# [Aim of the task]
The whole listing below needs to be duplicated exactly, pictures aside.

# [Given information]
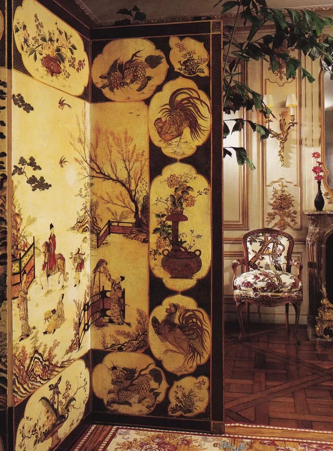 其中,西方人对屏风尤其热衷。屏风的材质格式各样,有的为漆木镶嵌,有的则是纸面,更有奢华者使用真丝制作。薄薄几扇屏风,却在室内辟出一方东方秘境。
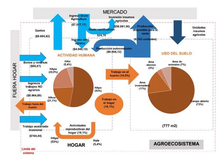 Se consideró la integración de dos metodologías por la necesidad de obtener indicadores que permitan conocer en los agroecosistemas algunos elementos que se deben cambiar para lograr un mayor acercamiento a la sostenibilidad. Por un lado, se encuentra MuSIASEM, que identifica la interfaz entre los factores económico, demográfico, social y los procesos biofísicos con el ecosistema. Por otro lado, los medios de vida sostenibles que relacionan un conjunto de insumos (capitales o recursos) con las salidas (estrategias de vida) hacia la consecución de resultados enfocados en el bienestar humano y la sostenibilidad ambiental. Empero, MuSIASEM presenta una oportunidad al permitir identificar la inconmensurabilidad a partir de procedimientos contables adaptados a cada realidad. De igual forma, los medios de vida sostenibles permiten comprender la forma en que las personas enfrentan la pobreza en un sentido material en conjunto con sus percepciones de bienestar en función de elecciones y estrategias de subsistencia. Es así como el análisis conjunto permite comprender la compleja combinación de actividades generadoras de ingresos con las actividades que permiten la reproducción de la unidad doméstica de cada productor orgánico certificado
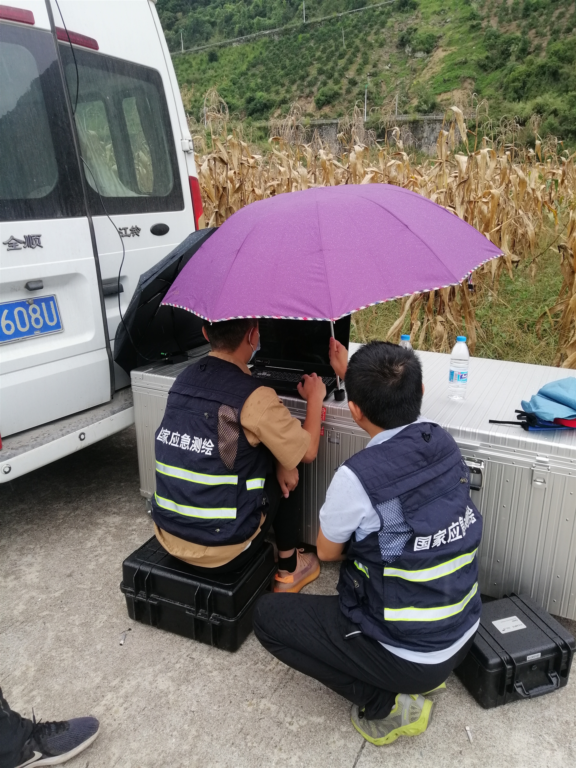 7日夜間,無人機組又受命冒雨連夜奔赴受災嚴重的石棉縣。此時離黃金救援72小時已越來越近,石棉地區(qū)還沒有一張災后影像圖供搶險救災部門使用,救災情形刻不容緩。8日一早,機組冒著滑坡落石危險開展場地踏勘、無人機組裝等準備工作。此次地震發(fā)生區(qū)域為高山峽谷,多云多霧多雨,現(xiàn)場時間窗口“短”、天氣窗口“少”、空域窗口“緊”,影像獲取難度極大。機組頂住壓力,在現(xiàn)場蹲守了整整一個下午,終于抓住短暫飛行“窗口”,果斷出擊,冒雨飛行,終于一戰(zhàn)定乾坤。下午19時成功獲取王崗坪鄉(xiāng)至新民鄉(xiāng)沿線及龍頭石大壩約40平方公里高清無人機影像。這是震后首批也是唯一的石棉縣災區(qū)航空影像,為搶險救災、次生災害排查、決策部署等提供了珍貴的第一手資料。
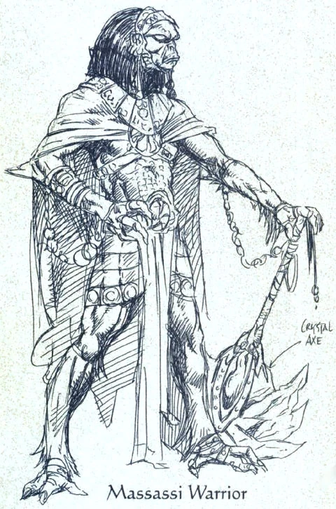 Los massassi bajo el mando de Naga Sadow que se trasladaron a Yavin 4 después de la Gran Guerra Hiperespacial sufrieron alteraciones alquímicas bajo la supervisión de Sadow. Estos individuos y sus descendientes se volvieron más encorvados y monstruosos que la especie massassi original, y gradualmente fueron considerados más brutos salvajes que los guerreros que alguna vez fueron. En este punto, se convirtieron en criaturas grandes con garras afiladas y grotescos crecimientos en forma de aletas en la cabeza y la espalda.[12]

# [Answer]
 其中,西方人对屏风尤其热衷。屏风的材质格式各样,有的为漆木镶嵌,有的则是纸面,更有奢华者使用真丝制作。薄薄几扇屏风,却在室内辟出一方东方秘境。
 Se consideró la integración de dos metodologías por la necesidad de obtener indicadores que permitan conocer en los agroecosistemas algunos elementos que se deben cambiar para lograr un mayor acercamiento a la sostenibilidad. Por un lado, se encuentra MuSIASEM, que identifica la interfaz entre los factores económico, demográfico, social y los procesos biofísicos con el ecosistema. Por otro lado, los medios de vida sostenibles que relacionan un conjunto de insumos (capitales o recursos) con las salidas (estrategias de vida) hacia la consecución de resultados enfocados en el bienestar humano y la sostenibilidad ambiental. Empero, MuSIASEM presenta una oportunidad al permitir identificar la inconmensurabilidad a partir de procedimientos contables adaptados a cada realidad. De igual forma, los medios de vida sostenibles permiten comprender la forma en que las personas enfrentan la pobreza en un sentido material en conjunto con sus percepciones de bienestar en función de elecciones y estrategias de subsistencia. Es así como el análisis conjunto permite comprender la compleja combinación de actividades generadoras de ingresos con las actividades que permiten la reproducción de la unidad doméstica de cada productor orgánico certificado
 7日夜間,無人機組又受命冒雨連夜奔赴受災嚴重的石棉縣。此時離黃金救援72小時已越來越近,石棉地區(qū)還沒有一張災后影像圖供搶險救災部門使用,救災情形刻不容緩。8日一早,機組冒著滑坡落石危險開展場地踏勘、無人機組裝等準備工作。此次地震發(fā)生區(qū)域為高山峽谷,多云多霧多雨,現(xiàn)場時間窗口“短”、天氣窗口“少”、空域窗口“緊”,影像獲取難度極大。機組頂住壓力,在現(xiàn)場蹲守了整整一個下午,終于抓住短暫飛行“窗口”,果斷出擊,冒雨飛行,終于一戰(zhàn)定乾坤。下午19時成功獲取王崗坪鄉(xiāng)至新民鄉(xiāng)沿線及龍頭石大壩約40平方公里高清無人機影像。這是震后首批也是唯一的石棉縣災區(qū)航空影像,為搶險救災、次生災害排查、決策部署等提供了珍貴的第一手資料。
 Los massassi bajo el mando de Naga Sadow que se trasladaron a Yavin 4 después de la Gran Guerra Hiperespacial sufrieron alteraciones alquímicas bajo la supervisión de Sadow. Estos individuos y sus descendientes se volvieron más encorvados y monstruosos que la especie massassi original, y gradualmente fueron considerados más brutos salvajes que los guerreros que alguna vez fueron. En este punto, se convirtieron en criaturas grandes con garras afiladas y grotescos crecimientos en forma de aletas en la cabeza y la espalda.[12]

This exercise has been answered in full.